The euro reached 165.71 yen, its highest since 2008, after data showed business activity in the euro zone expanded at its fastest pace in nearly a year, primarily due to a recovery in services. Europe's common currency was last up 0.4% at 165.67 yen .
The dollar rose as high as 154.88 against the yen , a 34-year peak and edging closer to 155, a level seen by market participants as the new trigger for Japanese intervention.
The greenback was last little changed on the day at 154.79 yen.
"The 155 level for dollar/yen is a key psychological figure after Japanese officials neglected to step in on behalf of their currency at 152," said Helen Given, FX trader at Monex USA in Washington.
"Though (BOJ Governor Kazuo) Ueda has said multiple times that the BoJ will not hike interest rates solely to boost the yen, there is a lot of potential for action from currency officials in tandem with Friday's meeting."
She added that the BOJ is likely to stand pat on Friday, which could mean further yen weakness, but thinks "there is a fairly good chance that we see market intervention that same night to prevent a bigger slide toward 160."

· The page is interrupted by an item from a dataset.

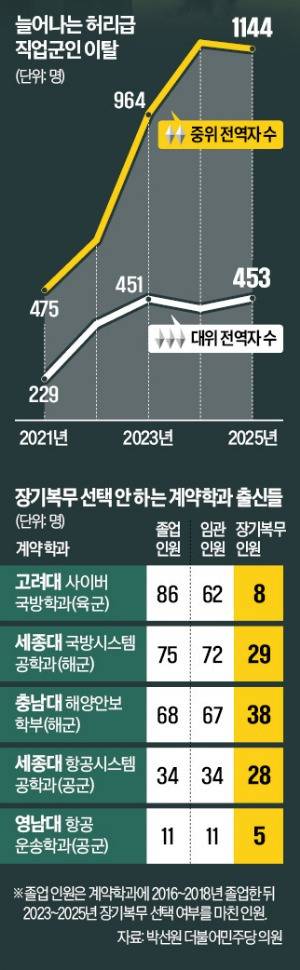 군 계약학과 출신 청년들이 '평생 군인'의 길을 외면하고 있다.
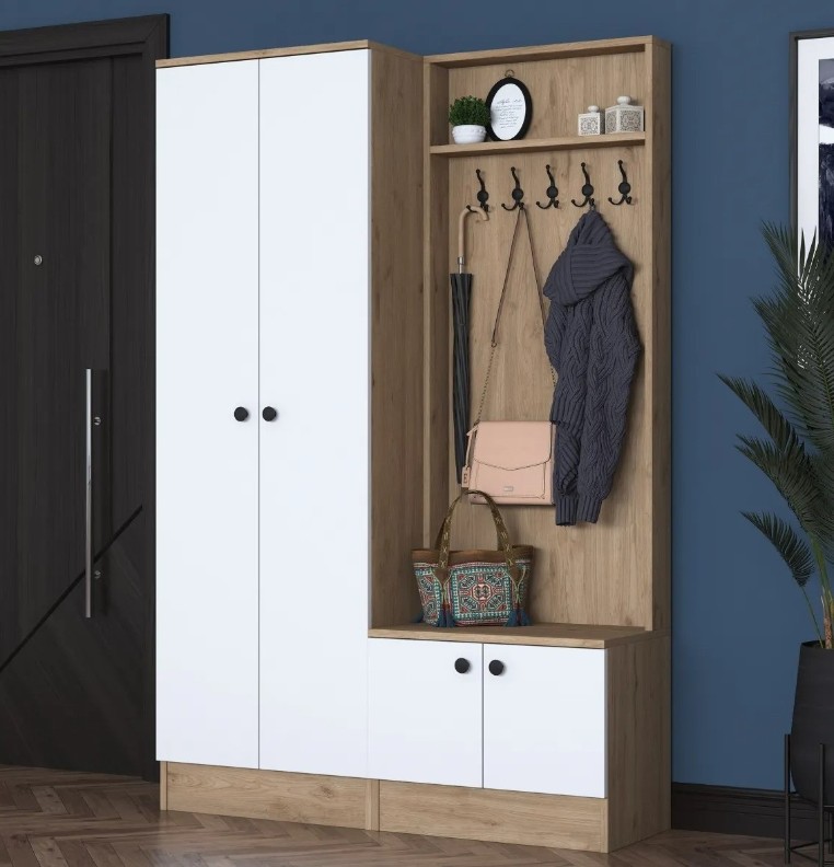 Dezordinea din intrare devine istorie. Suportul pentru hol este echipat cu numeroase rafturi și compartimente suplimentare, oferind spațiu convenabil pentru organizarea obiectelor. Cheile, portofelele, pălăriile și eșarfele își vor găsi locul potrivit.

Earlier on Tuesday, Japanese Finance Minister Shunichi Suzuki gave his strongest warning yet on the chance of intervention, saying last week's meeting with his U.S. and South Korean counterparts laid the groundwork for Tokyo to act against excessive yen moves.

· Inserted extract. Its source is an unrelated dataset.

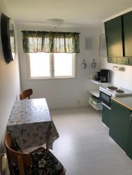 Det finns ett sovrum med tre st bäddar samt ett allrum med bord och stolar, tv och säng/soffa som man lätt gör om till två bäddar. Kök med köksutrustning, kyl, frys, spis, ugn, vattenkokare och kaffebryggare.
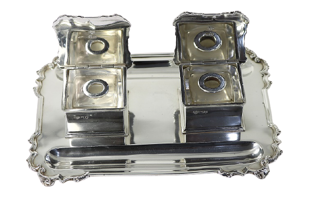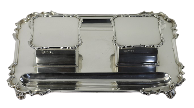 Antique Silver - Antique Solid Silver Double Desk Inkstand – Goldsmiths & Silversmiths Co., London 1910

However, there were doubts whether Tokyo would act so close to the BOJ's two-day policy meeting that starts on Thursday.
Japan's central bank is expected to forecast that inflation will stay around its 2% target for the next three years in a new estimate due on Friday, signalling its readiness to cautiously raise interest rates again this year from near-zero levels.
The dollar did inch lower against the yen after data showed U.S. business activity eased in April to a four-month low amid weaker demand.
S&P Global said on Tuesday its flash U.S. Composite PMI Output Index, which tracks both the manufacturing and services sectors, fell to 50.9, a level slightly above expansion territory, from 52.1 in March.
The dollar index also dropped after the PMI data, down 0.4% at 105.66. It fell to a two-week low of 105.61.
The euro, meanwhile, climbed to a two-week peak against the dollar of $1.0711, before drifting back to trade at $1.0707, up 0.5%.
The common currency also briefly matched the previous day's three-month high against the pound of 86.43 pence, after the German PMI data. The euro was last down 0.3% at 85.95 pence .
Dovish policymaker comments from the Bank of England left sterling near its weakest in months. BOE officials said they expect inflation to slow back towards the 2% target, and likely stay there, which gave investors confidence in their belief that the bank will cut rates in the summer.
Earlier in the year, the pound was lifted by expectations that the BoE would cut rates meaningfully later than the European Central Bank, which markets currently see easing in June.
The British currency had fallen to a five-month low of $1.2299 against the dollar on Monday, but recovered on Tuesday to $1.2450, up 0.8% in the wake of strong British business activity data.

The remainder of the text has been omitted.